CSC Computing
CSC Compute Cluster
The CSC network has an experimental cluster set-up; this is described below. It uses SLURM to coordinate a job queue to ensure fair usage of compute resources. For SLURM documentation see SLURM Quick-Start Guide or SLURM overview.
Login-node
The head-node for the SLURM Cluster is athena which you can ssh into. However, this only has 6 cores (hyper-threaded) so is of little use for long-running jobs.
Compute nodes
There are currently 5 CPU compute nodes; each of these has 248GB RAM and 48 cores.
Compute nodes for csc-mphil partition:
- phy-cerberus4
- phy-cerberus5
- phy-cerberus6
Compute nodes for lsc partition:
- phy-cerberus7
- phy-cerberus8
Additionally 2 GPU compute nodes; each of these has 2 NVIDIA RTX5090 GPUs with 32GB RAM each.
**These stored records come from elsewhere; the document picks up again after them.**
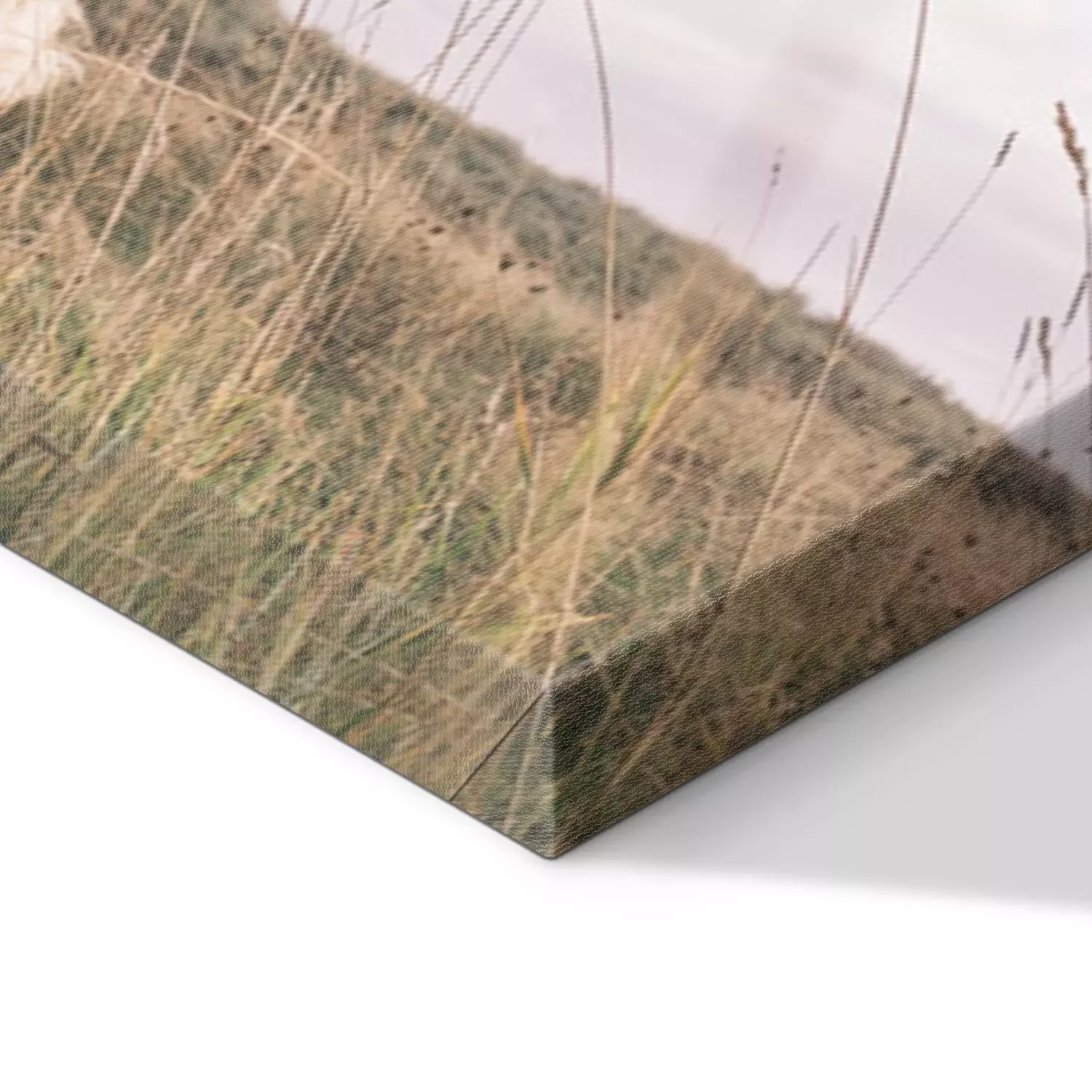 De print wordt aangebracht op hoogwaardig canvas dat op een schildersweefgetouw (spieraam) wordt gespannen. Omdat de print de zijranden bedekt, hoeft het ontwerp niet met een extra kader te worden omlijst. Wij raden ook composities aan die uit meerdere foto's bestaan en zo een coherente compositie vormen.
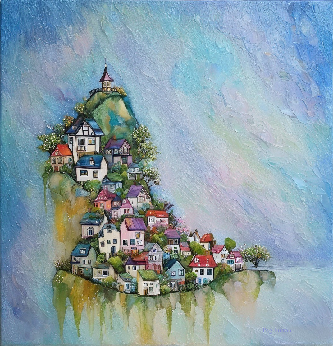 A whimsical painting of colorful houses on a floating island with a blue sky backdrop and a lighthouse on top.
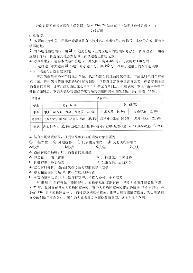 云南省昆明市2024届云南师范大学附属中学高考适应性月考(二)文综
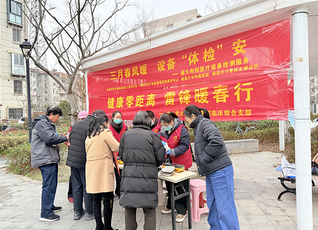 为践行雷锋精神,切实解决群众居家医疗设备使用难题,3月3日,我院联合南通市计量检定测试所共同举办的“三月春风暖 设备‘体检’安”公益服务活动在学田社区举办,志愿者们为市民提供专业的医疗设备检测与健康指导服务,将温暖与安全送到百姓家门口。
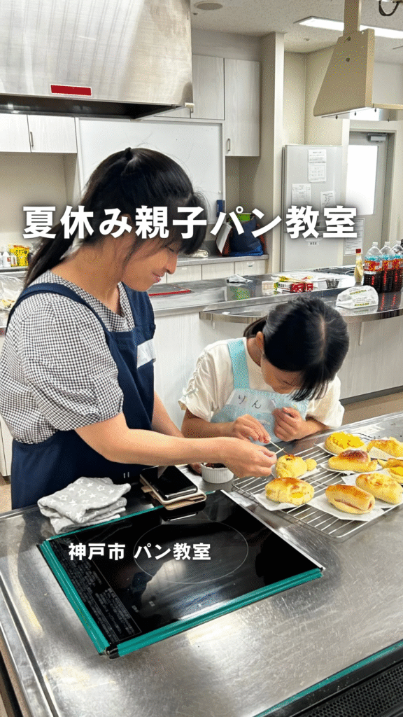 夏休み特別企画「親子パン教室」を明石のキッチンスタジオで開催しました!親子で一緒に、こねるところからパン作りを体験していただきました 小さな手で一生懸命こねる姿、丸めるときの真剣な表情 焼きたてパンに顔を描いたり そして焼き上がったときの嬉... -
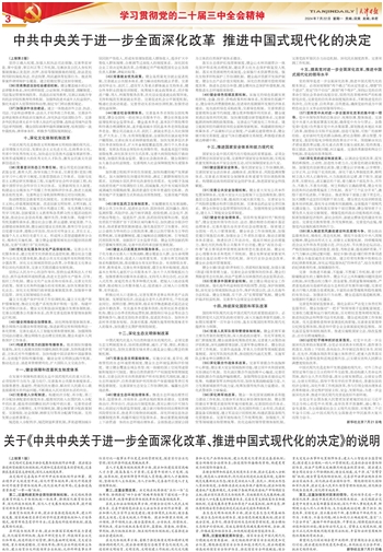 决定稿对健全推动经济高质量发展体制机制、促进新质生产力发展作出部署。围绕发展以高技术、高效能、高质量为特征的生产力,提出加强新领域新赛道制度供给,建立未来产业投入增长机制,以国家标准提升引领传统产业优化升级,促进各类先进生产要素向发展新质生产力集聚。
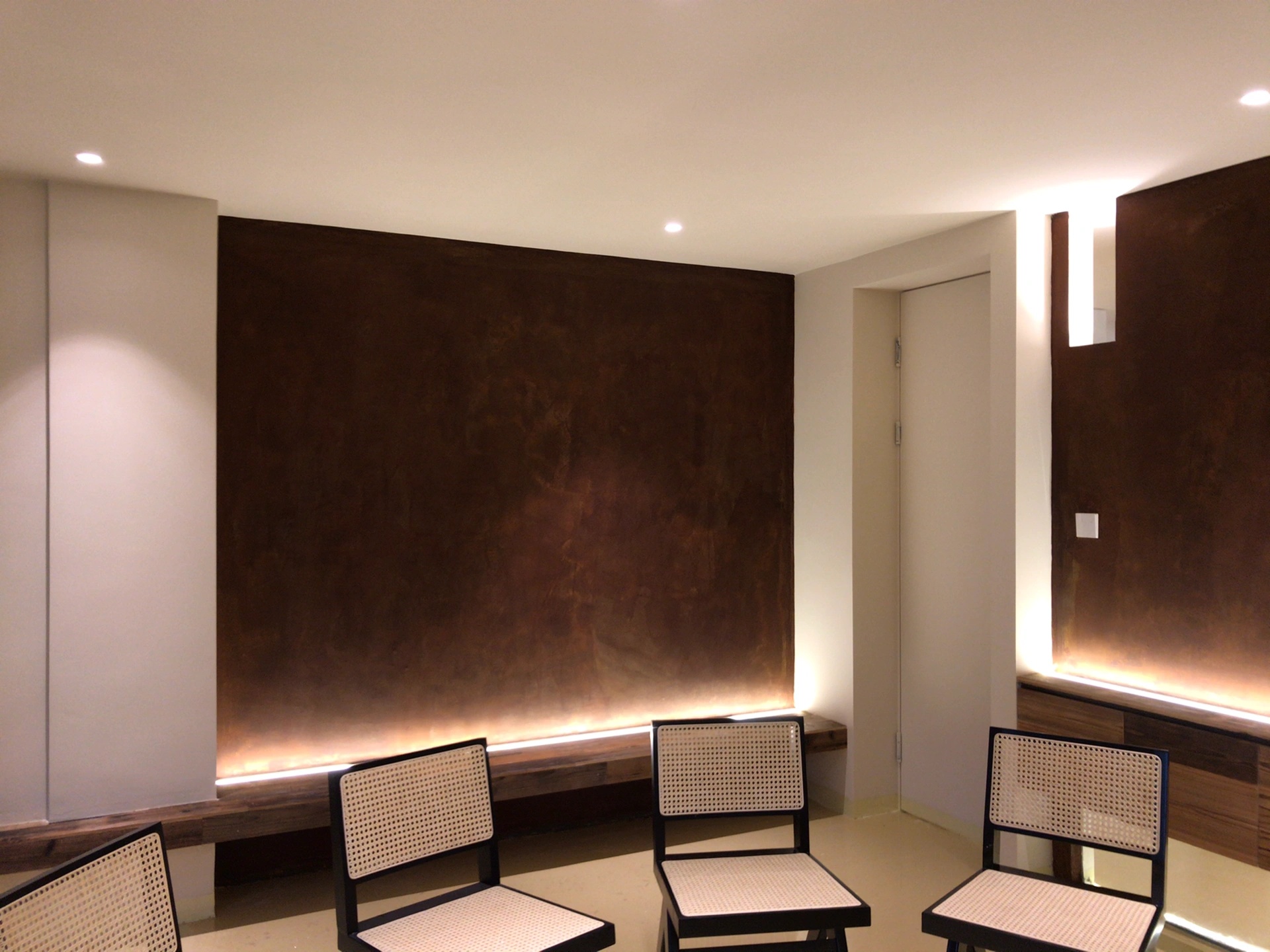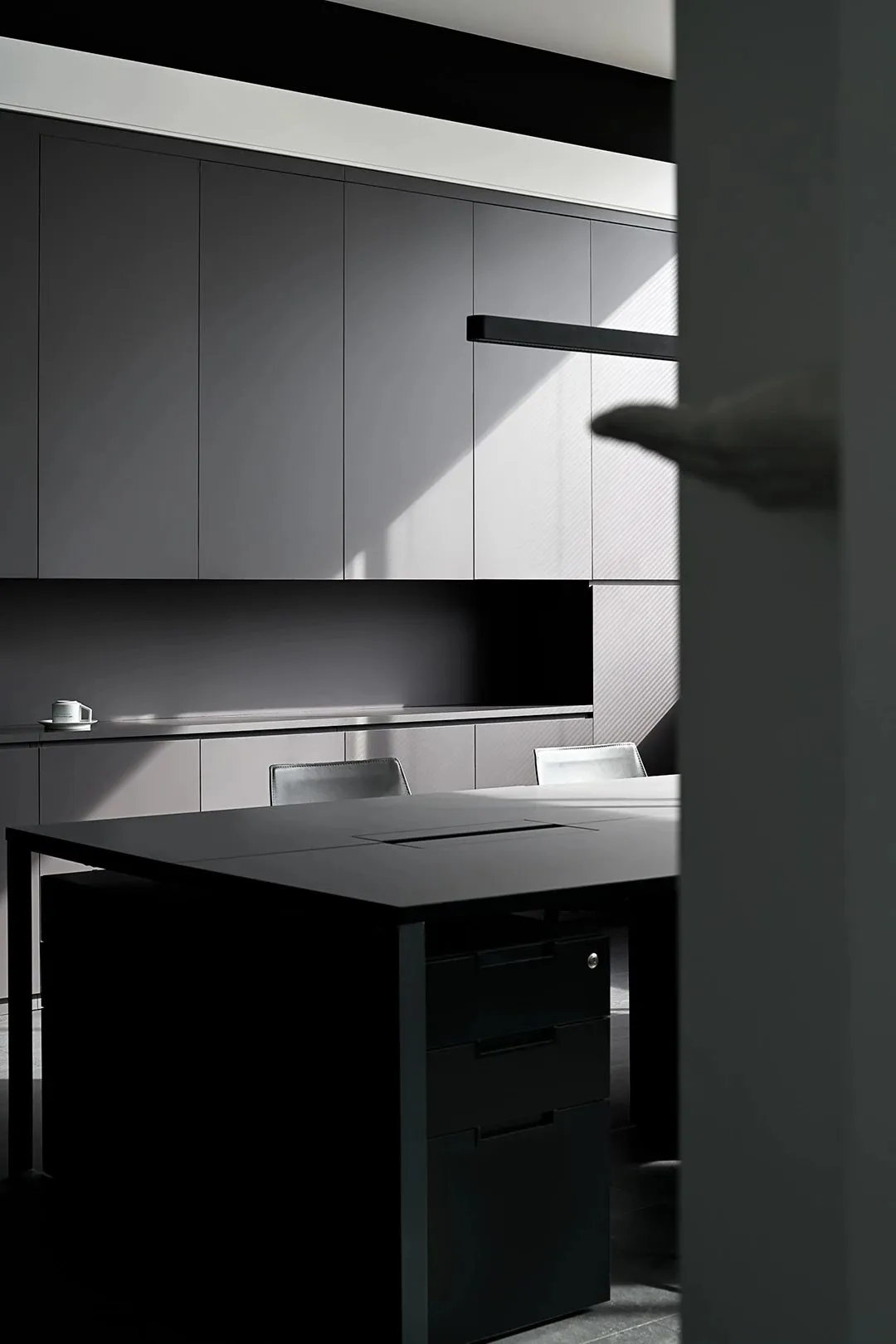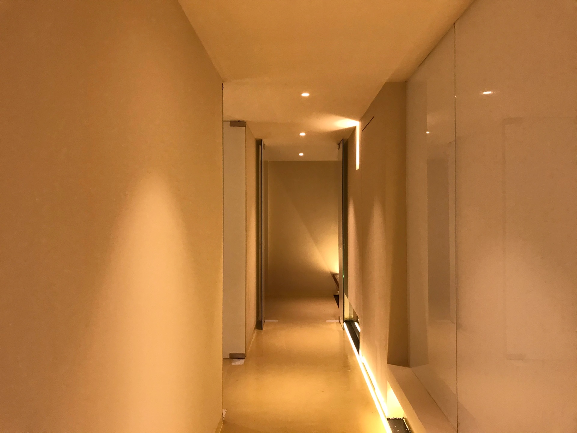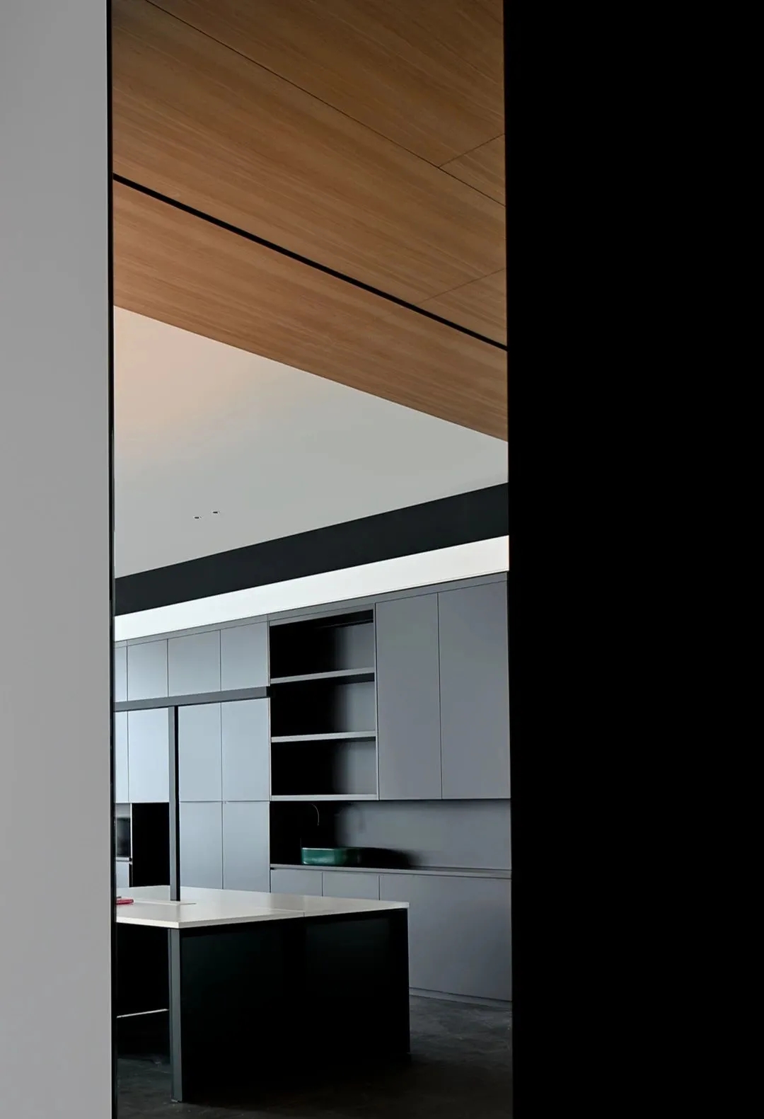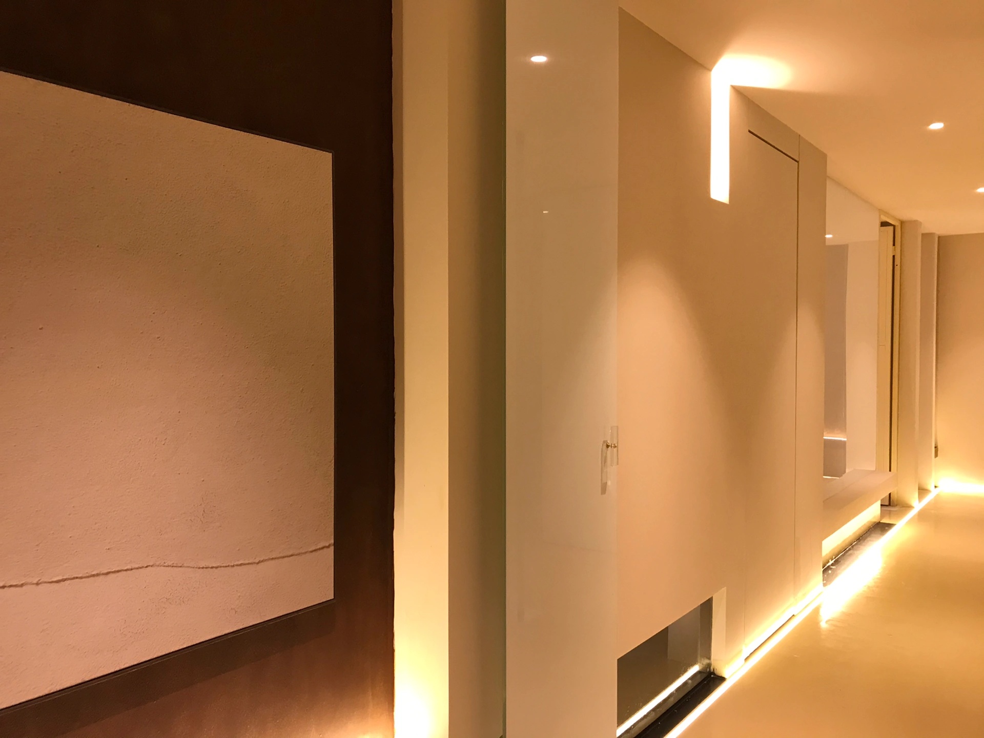 无论是转角处的一面镜子,还是半开放式玻璃空间,空间结构的块面,被折射的光勾勒出层次分明的旋律。
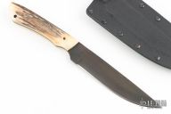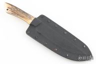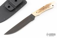 This knife by "Fowler" (please let us know which Fowler this is) features a black blade with notched thumbrest, .128" blade stock and 1.151" blade depth, full tang construction. The handle has stag scales with black linen micarta pins and a lanyard hole. Comes with a kydex sheath. Has a few light scratches, otherwise excellent condition.
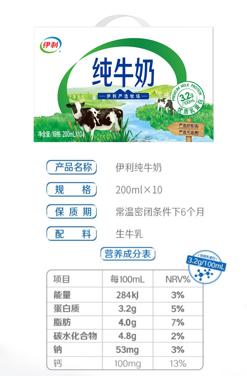 伊利严选牧场纯牛奶(200ml*10)
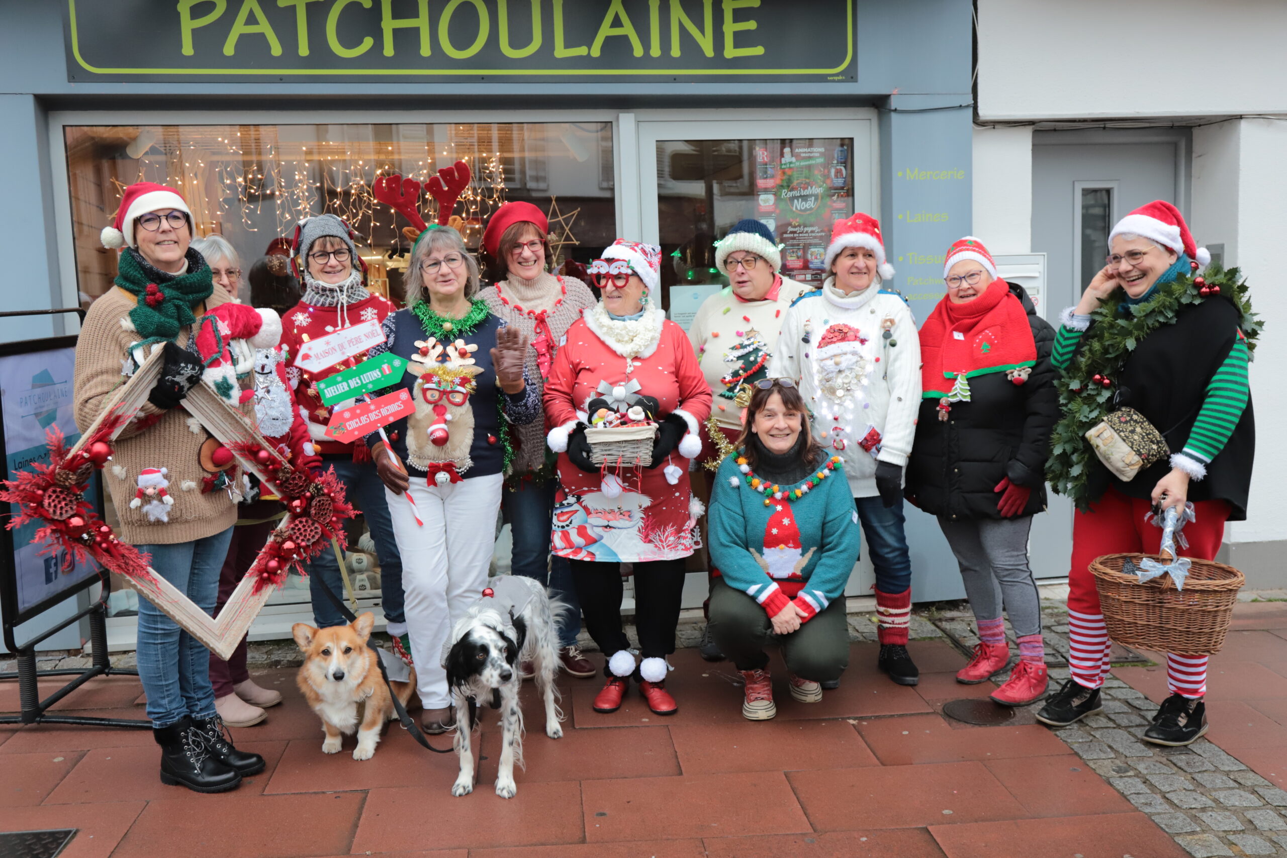 Marie-Hélène Cantot, accompagnée d’une dizaine de clientes du magasin Patchoulaine ayant relevé le défi du pull moche, a déambulé rue de la Courtine, place de Lattre de Tassigny, rue de la Xavée et rue Charles de Gaulle. La petite troupe s’est arrêtée dans bon nombre de commerces qui ont bien voulu, ou simplement pu se rendre disponibles, pour prendre une joyeuse pause photo encadrée devant leur établissement.

They also have 32 CPU cores and 128GB RAM.
Compute nodes for csc-mphil-gpu partition:
- phy-thetis
- phy-damysus
SLURM scripting
A sample SLURM script for CPU jobs can be found at /lsc/opt/slurm/slurm_lsc.sh:
#!/usr/bin/bash #SBATCH --partition=lsc #SBATCH --time=00:02:00 #SBATCH --output=hostname-%A.out #SBATCH --mem=1GB #SBATCH --ntasks=8 #SBATCH --mail-type=ALL #SBATCH --account=pmb39 #SBATCH --clusters=CSC hostname date echo "SLURM Job ID = $SLURM_JOB_ID" echo "Procs = $SLURM_JOB_CPUS_PER_NODE" echo "Submission host = $SLURM_SUBMIT_HOST" echo "Submission dir = $SLURM_SUBMIT_DIR" sleep 10 date
To schedule this to run:
pmb39@athena $ sbatch /etc/default/slurm/slurm_lsc.sh
You should receive emails when the job starts and ends (due to the --mail-type=ALL line), and the output will go into the file hostname-N.out in your current directory where N is the job ID.
To start an interactive session:
pmb39@athena $ srun --time=10:00 --partition=compute --clusters=csc --pty /bin/bash
For GPU jobs, you need to add the --gpus=N option. See /lsc/opt/slurm/slurm_gpu.sh which demonstrates how to check the number of GPUs you have access to.
#!/usr/bin/bash
#SBATCH --partition=csc-mphil-gpu
#SBATCH --time=00:02:00
#SBATCH --output=hostname-%A.out
#SBATCH --mem=1GB
#SBATCH --ntasks=1
#SBATCH --gpus=2
##SBATCH --mail-type=ALL
#SBATCH --account=pmb39
#SBATCH --clusters=CSC
echo "HELLO FROM CSC-MPHIL-GPU PARTITION!"
hostname
date
# Detect GPUs on system;
# will always output details for all GPUs on system
nvidia-smi
# Job information
echo "SLURM Job ID = $SLURM_JOB_ID"
echo "Procs = $SLURM_JOB_CPUS_PER_NODE"
echo "Submission host = $SLURM_SUBMIT_HOST"
echo "Submission dir = $SLURM_SUBMIT_DIR"
# Test that CUDA is functional: Only connects to one GPU
/lsc/opt/cuda-12.9/extras/demo_suite/bandwidthTest
# Use API to check for devices:
# Will detect either 1 or 2 GPUs depending on --gpus=N line above
/lsc/opt/cuda-12.9/extras/demo_suite/deviceQuery
sleep 20
date
Limits
These limits are experimental; they will be subject to tuning based on usage.
- LSC Cluster: max cores: 48; max run-time: 36 hours
- CSC Cluster: max cores: 48; max run-time: 6 hours
- CSC-GPU Cluster: max GPUs: 2; max run-time: 6 hours
Nodes are non-exclusive, so different users' jobs may share nodes, up to four separate jobs per node. If you need exclusive access to a node, specify a number of cores large enough, i.e. --ntasks 48 or --mem 248GB.
File-systems
Your home directory /home/raid/pmb39 (for example) is shared between all head and compute nodes as for other machines on the CSC network. Also, /data/athena/ is visible on all compute nodes.
For other output, each node has its own local disk. These are accessible to all machines on the CSC network via their name: /data/phy-cerberus4 So, in general you should pick a node to output to and output to that specific /data partition.
This is not an ideal set-up, as outputing from phy-cerberus4 to a disk on phy-cerberus5 is not efficient. If performance is a problem, let pmb39 know.